Citizens have had their hands amputated for theft, or suffered beatings for smoking in the streets or selling alcohol. In Gao, another young man was sentenced to death by stoning for committing adultery, local activist Edom Ag Mohammed told Magharebia.
For some local religious leaders, enough is enough.
"Some of the clergy fear the wrath of the Islamic groups, but others are openly rejecting such practices, including the scholars of Kidal," said National Movement for the Liberation of Azawad (MNLA) official Atay Ag Mohammed.
Dawood Ag Mohammed, the imam of the Belferandi Mosque in Timbuktu, says that the perpetrators of these acts are convinced that it is "God's law".
"We as Muslims cannot object to the law of God, but we do not agree with them in the way they interpret it," he says.
"Yet what can we do, since we are powerless? Nothing. All that people can do is to escape Timbuktu, and so many families have fled," the imam adds.
Intellectuals of northern Mali also condemn these practices.
According to Abu Bakr Al-Ansari of the Kal Ansar tribe of Timbuktu, "flogging, stoning and discretionary raids on homes and shops have become daily scenes".
"Harassment in the name of Sharia"
"The life of the population has become a dangerous nightmare due to these practices in the name of religion. These acts carried out by Ansar al-Din and other terrorist groups alien to the region are criminal in every sense of the word," he tells Magharebia.
"What is happening is harassment of people in the name of Sharia," he explains. "It's really just a settling of accounts with the inhabitants of Timbuktu and Gao, two cities that refused to submit to the control of Ansar al-Din leader Iyad Ag Ghaly, a descendant of Kidal."
"Therefore the issue of Sharia is more political than religious," Al-Ansari adds.
The people of Azawad are of the moderate Maliki school, he explained, adding that they share the "same doctrine and the same history with the people of the Sahara".
As a result, he said, "we cannot refuse the application of Islamic law, provided that it is applied with justice and moderation, as was the case throughout the history of the region for centuries".
That is not the case now, however, which "is why most reputable scholars reject these practices".

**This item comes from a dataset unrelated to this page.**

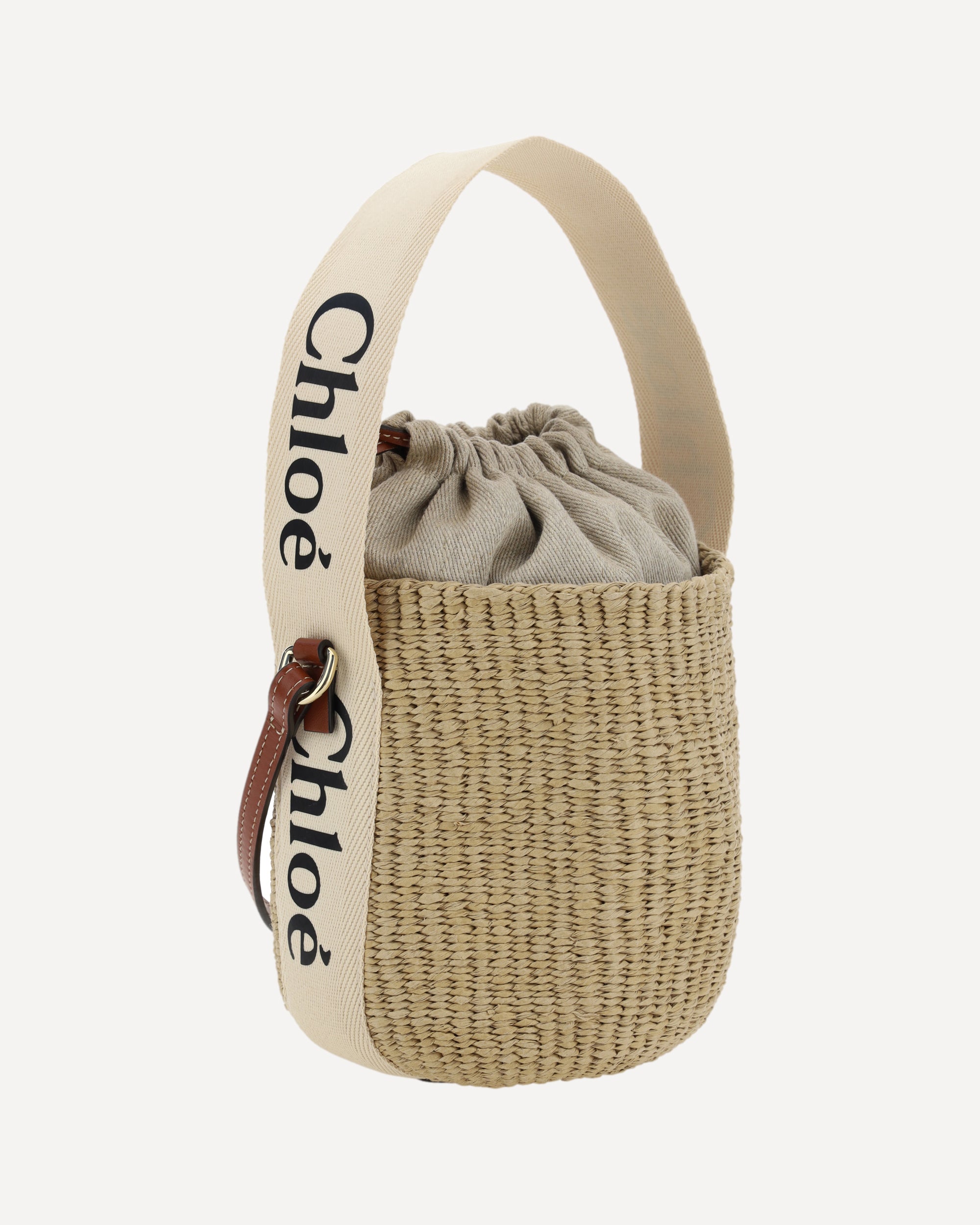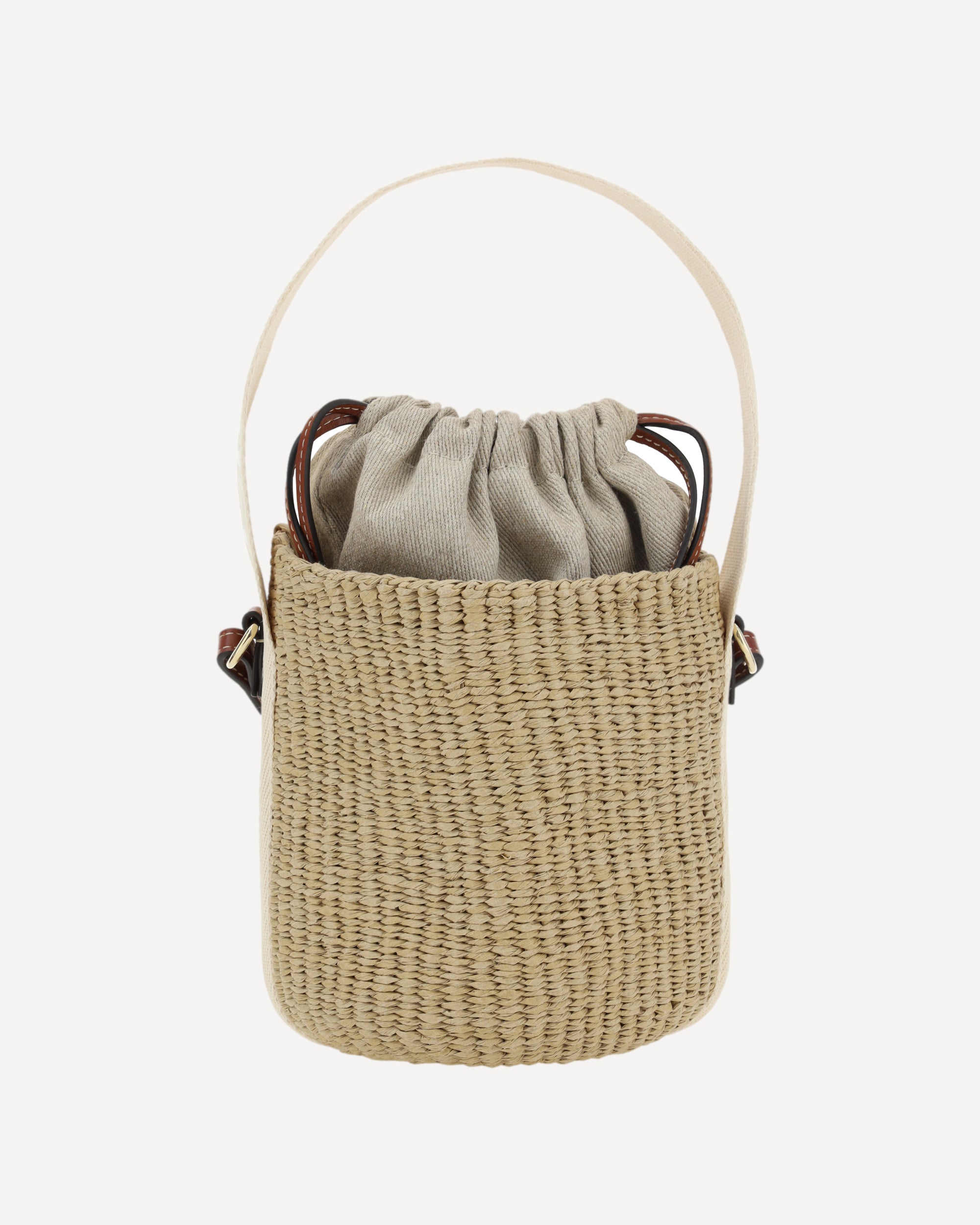La Borsa a Secchiello Mifuko di Chloé unisce artigianalità e stile contemporaneo. Realizzata in rafia, presenta un sacchetto interno con chiusura a coulisse, manico in cotone con logo ripetuto a contrasto e tracolla fissa in pelle. Una tasca in pelle a filetto con logo stampato a pressione completa il design, rendendo l’accessorio pratico e distintivo.

Religious scholars from across the region, meeting last month in Mauritania, also denounced what they called the "hands that are spoiling Islam and its sacredness".
"This constitutes a risk to the entity of the Muslim Ummah in its current state," the Forum for Moderation said in its closing statement on July 19th.
"The absence of peace and stability is tearing apart the Islamic brotherhood at its core. It also threatens the historic dimension of the nation and its physical and moral sanctity," the forum said.
Haddmin Ould Salek, the imam of Abbas Mosque in Nouakchott, told Magharebia, "The practices of radical Islamist groups in northern Mali are not compatible with the true teachings of Islam and are highly provocative to the peoples of that region, where Sufi Islam was widespread for hundreds of years."
The violent approach taken in Mali also runs counter to the history of Islam, he noted. "Islam spread gradually, taking into consideration the mentality of the society, and did not begin by applying penal laws," the imam said.
"The use of violence against the population...is wrong and repulsive, and will cause counter-results, because the provocation of any religious group is contrary to the teachings of Islam," the imam said.
"It also opens the door to internal fighting that could undermine any desire for reform," he warned.